Learn what H3 is, how hexagonal spatial indexing works, and why it powers modern geospatial analysis and large-scale spatial data workflows.

Understanding H3 index: The hexagonal grid powering modern spatial analysis

Location data is everywhere, including in deliveries, outages, and customer demand. But turning those dots into something you can measure is difficult. H3 solves that by turning the Earth’s surface into a grid of hexagons and giving each hexagon a unique ID. This approach makes your locations countable and easy to group in a consistent format.

H3 is hierarchical, so you can choose a resolution that fits your goal. You can zoom out for broad patterns or zoom in for local detail while staying inside the same system. H3 is important because teams today aren’t just making maps; they’re applying analytics to massive datasets to produce results.

In this article, you’ll learn what H3 is, how it works, and when you should use it in your spatial analysis workflows.

H3 meaning: What is it and why was it created?

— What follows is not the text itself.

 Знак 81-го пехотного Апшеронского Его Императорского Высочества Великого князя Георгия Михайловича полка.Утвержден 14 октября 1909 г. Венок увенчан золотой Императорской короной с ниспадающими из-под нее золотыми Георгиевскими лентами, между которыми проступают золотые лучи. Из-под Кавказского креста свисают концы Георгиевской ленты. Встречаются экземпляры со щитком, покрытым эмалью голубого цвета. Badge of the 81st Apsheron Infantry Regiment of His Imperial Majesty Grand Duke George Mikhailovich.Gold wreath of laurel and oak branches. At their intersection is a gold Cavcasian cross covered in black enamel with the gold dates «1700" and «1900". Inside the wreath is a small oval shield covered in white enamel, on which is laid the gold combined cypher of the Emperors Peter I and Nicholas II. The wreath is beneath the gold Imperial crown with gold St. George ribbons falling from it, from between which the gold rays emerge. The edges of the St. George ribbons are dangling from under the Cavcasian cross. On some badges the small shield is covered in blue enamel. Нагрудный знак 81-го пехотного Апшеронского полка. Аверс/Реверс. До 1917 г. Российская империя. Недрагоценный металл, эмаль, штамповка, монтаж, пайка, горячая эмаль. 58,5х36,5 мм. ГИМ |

H3 is a hexagon-based, hierarchical spatial indexing system. Think of it as a ZIP code system for the planet, where each code represents a hexagonal cell. When you have a location — like a delivery drop-off, a reported incident, or a customer request — H3 tells you which hexagonal tile it falls into, and you store that tile’s ID alongside your data.

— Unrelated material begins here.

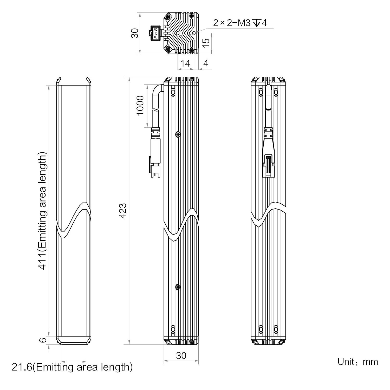 | Emitting area dimension | 411 mm × 21.6 mm | |

H3 makes geospatial workflows more consistent and scalable than ad hoc latitude/longitude coordinates. Uber created it to support large-scale marketplace analysis and operational decisions. Their teams needed a grid that could support citywide decisions, like understanding supply and demand by area to inform pricing and driver dispatch — without relying on messy, inconsistent boundaries. They also wanted a system that behaved predictably as people moved around a city. 

Hexagons were a deliberate choice. You can divide each cell into smaller cells and switch between broader and detailed views without reinventing your analytical approach every time.

How the H3 hexagonal grid works

H3 follows a core philosophy: turn the Earth into a set of repeatable, hexagonal tiles so you can summarize location data the same way everywhere. The following sections break down how the grid’s shape, scale, and hierarchy work in practice.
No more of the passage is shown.